__WHAT YOU ARE ASKED TO DO__
In the listing below, find the line with "My name is Black" and the line with "而是霍家最不爱出风头的小儿子霍启仁,突然在云南玉龙雪山脚下办了场婚礼。", then return them and every line between them exactly, minus the pictures.
[[ DATA TO PROCESS, beginning ]]
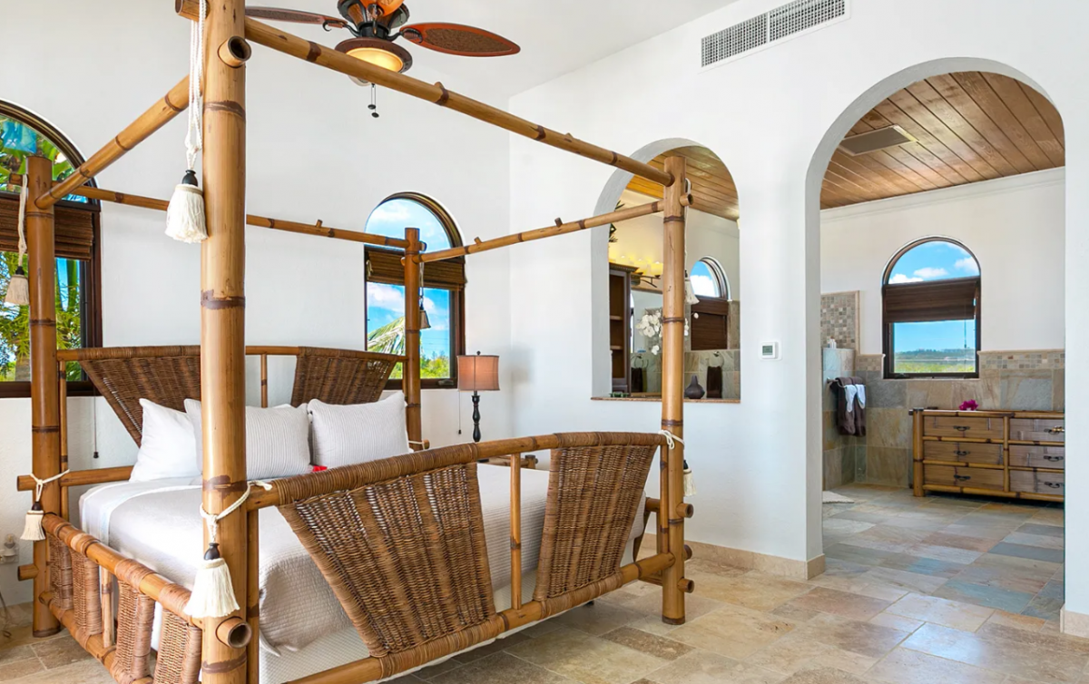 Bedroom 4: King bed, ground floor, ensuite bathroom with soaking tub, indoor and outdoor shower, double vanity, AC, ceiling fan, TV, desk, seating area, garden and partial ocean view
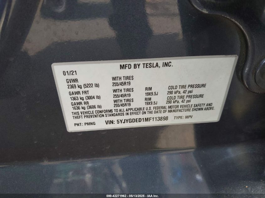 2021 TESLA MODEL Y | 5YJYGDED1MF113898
[[ DATA TO PROCESS, end ]]
[[ DATA TO PROCESS, beginning ]]
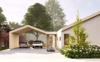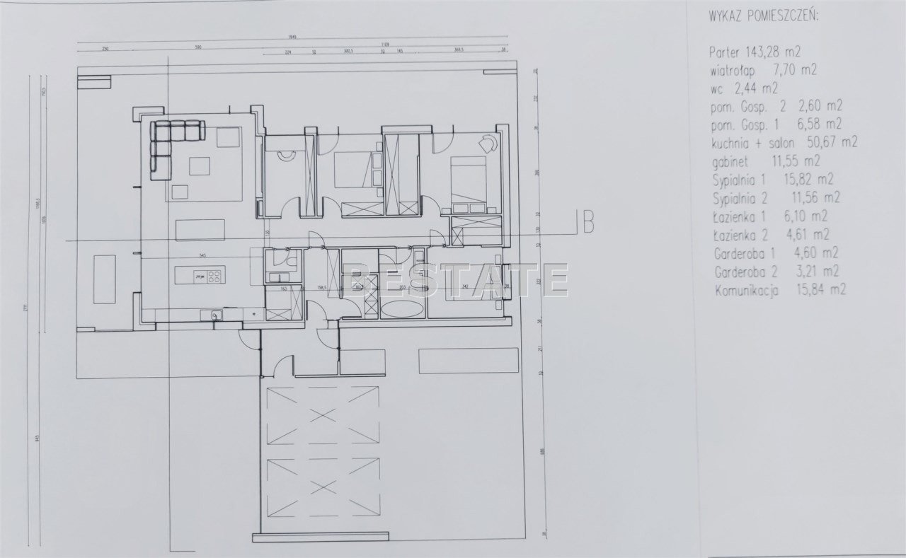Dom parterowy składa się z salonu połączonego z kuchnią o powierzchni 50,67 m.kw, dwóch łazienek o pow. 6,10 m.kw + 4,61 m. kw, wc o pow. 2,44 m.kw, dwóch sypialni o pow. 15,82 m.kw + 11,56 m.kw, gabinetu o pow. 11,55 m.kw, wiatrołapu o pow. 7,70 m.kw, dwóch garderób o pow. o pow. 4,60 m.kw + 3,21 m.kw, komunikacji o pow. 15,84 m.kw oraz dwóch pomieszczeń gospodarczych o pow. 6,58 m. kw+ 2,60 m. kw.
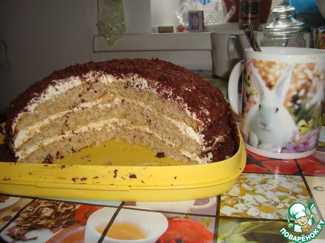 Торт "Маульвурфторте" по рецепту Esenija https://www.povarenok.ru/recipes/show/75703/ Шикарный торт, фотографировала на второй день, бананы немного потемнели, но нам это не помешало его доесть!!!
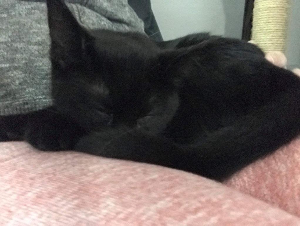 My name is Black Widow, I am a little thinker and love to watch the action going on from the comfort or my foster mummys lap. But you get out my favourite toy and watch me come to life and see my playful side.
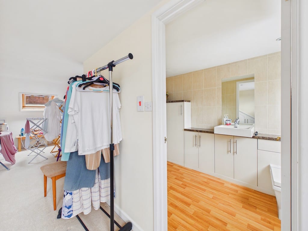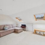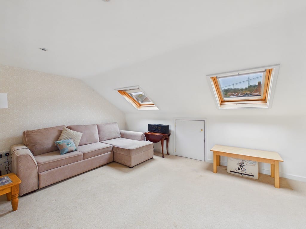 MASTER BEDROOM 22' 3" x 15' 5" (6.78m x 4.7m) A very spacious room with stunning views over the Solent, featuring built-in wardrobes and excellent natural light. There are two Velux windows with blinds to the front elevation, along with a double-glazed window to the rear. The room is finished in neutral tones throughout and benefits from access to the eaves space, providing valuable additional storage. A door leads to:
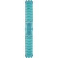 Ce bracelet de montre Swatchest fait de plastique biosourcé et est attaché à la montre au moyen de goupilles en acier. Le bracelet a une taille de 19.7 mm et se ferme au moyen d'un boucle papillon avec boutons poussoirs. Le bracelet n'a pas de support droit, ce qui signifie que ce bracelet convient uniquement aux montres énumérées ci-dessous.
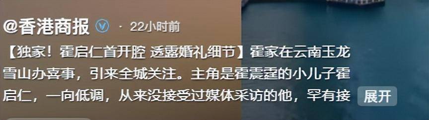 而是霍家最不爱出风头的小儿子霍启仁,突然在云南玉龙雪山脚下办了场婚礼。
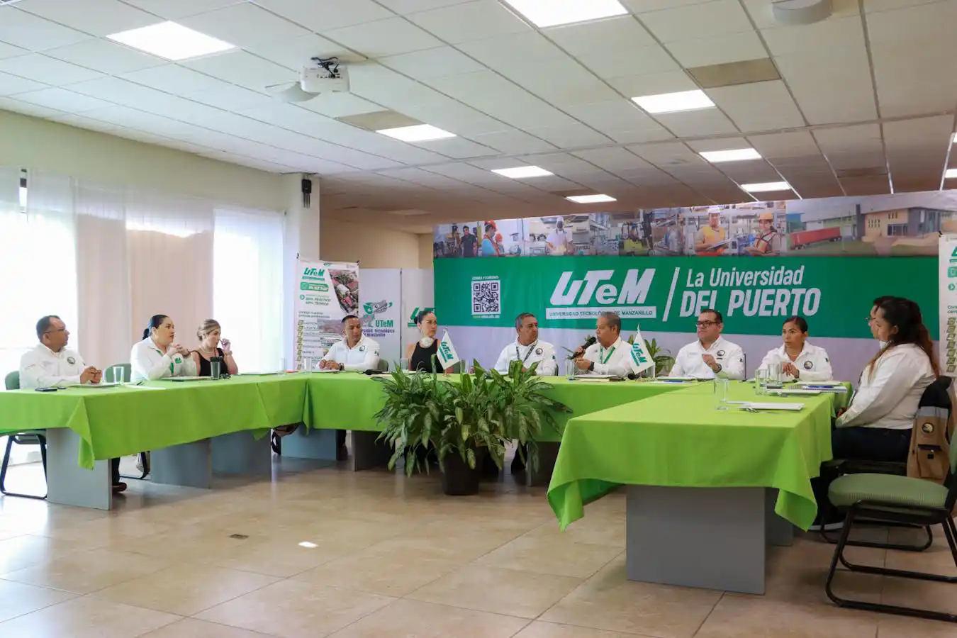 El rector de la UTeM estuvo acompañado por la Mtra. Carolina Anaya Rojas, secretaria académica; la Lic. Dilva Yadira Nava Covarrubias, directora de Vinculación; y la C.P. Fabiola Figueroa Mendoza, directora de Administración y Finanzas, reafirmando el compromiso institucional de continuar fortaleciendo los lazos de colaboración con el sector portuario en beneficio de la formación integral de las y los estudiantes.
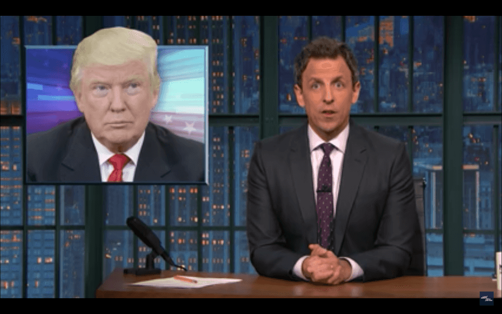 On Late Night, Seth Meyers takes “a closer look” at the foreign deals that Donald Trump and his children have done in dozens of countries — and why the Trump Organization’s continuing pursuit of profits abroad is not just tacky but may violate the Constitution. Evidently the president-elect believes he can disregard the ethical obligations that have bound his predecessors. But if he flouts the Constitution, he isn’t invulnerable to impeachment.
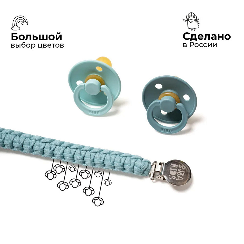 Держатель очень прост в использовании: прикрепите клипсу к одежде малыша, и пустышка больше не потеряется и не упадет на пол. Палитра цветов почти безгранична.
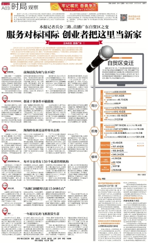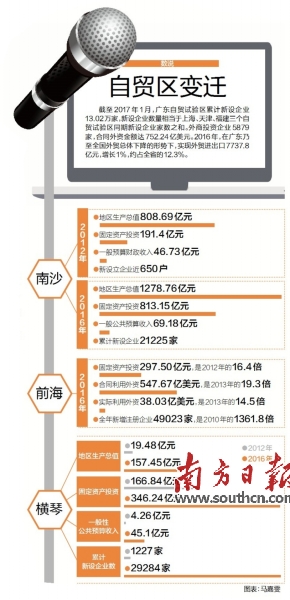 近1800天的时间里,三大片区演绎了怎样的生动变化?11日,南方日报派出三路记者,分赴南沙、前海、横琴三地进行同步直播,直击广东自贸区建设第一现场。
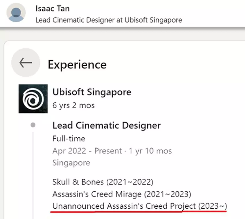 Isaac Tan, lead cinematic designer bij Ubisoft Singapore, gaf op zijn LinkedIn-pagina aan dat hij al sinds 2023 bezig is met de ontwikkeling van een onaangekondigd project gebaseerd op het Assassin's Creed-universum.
[[ DATA TO PROCESS, end ]]
__TASK RESULT__
 My name is Black Widow, I am a little thinker and love to watch the action going on from the comfort or my foster mummys lap. But you get out my favourite toy and watch me come to life and see my playful side.
 MASTER BEDROOM 22' 3" x 15' 5" (6.78m x 4.7m) A very spacious room with stunning views over the Solent, featuring built-in wardrobes and excellent natural light. There are two Velux windows with blinds to the front elevation, along with a double-glazed window to the rear. The room is finished in neutral tones throughout and benefits from access to the eaves space, providing valuable additional storage. A door leads to:
 Ce bracelet de montre Swatchest fait de plastique biosourcé et est attaché à la montre au moyen de goupilles en acier. Le bracelet a une taille de 19.7 mm et se ferme au moyen d'un boucle papillon avec boutons poussoirs. Le bracelet n'a pas de support droit, ce qui signifie que ce bracelet convient uniquement aux montres énumérées ci-dessous.
 而是霍家最不爱出风头的小儿子霍启仁,突然在云南玉龙雪山脚下办了场婚礼。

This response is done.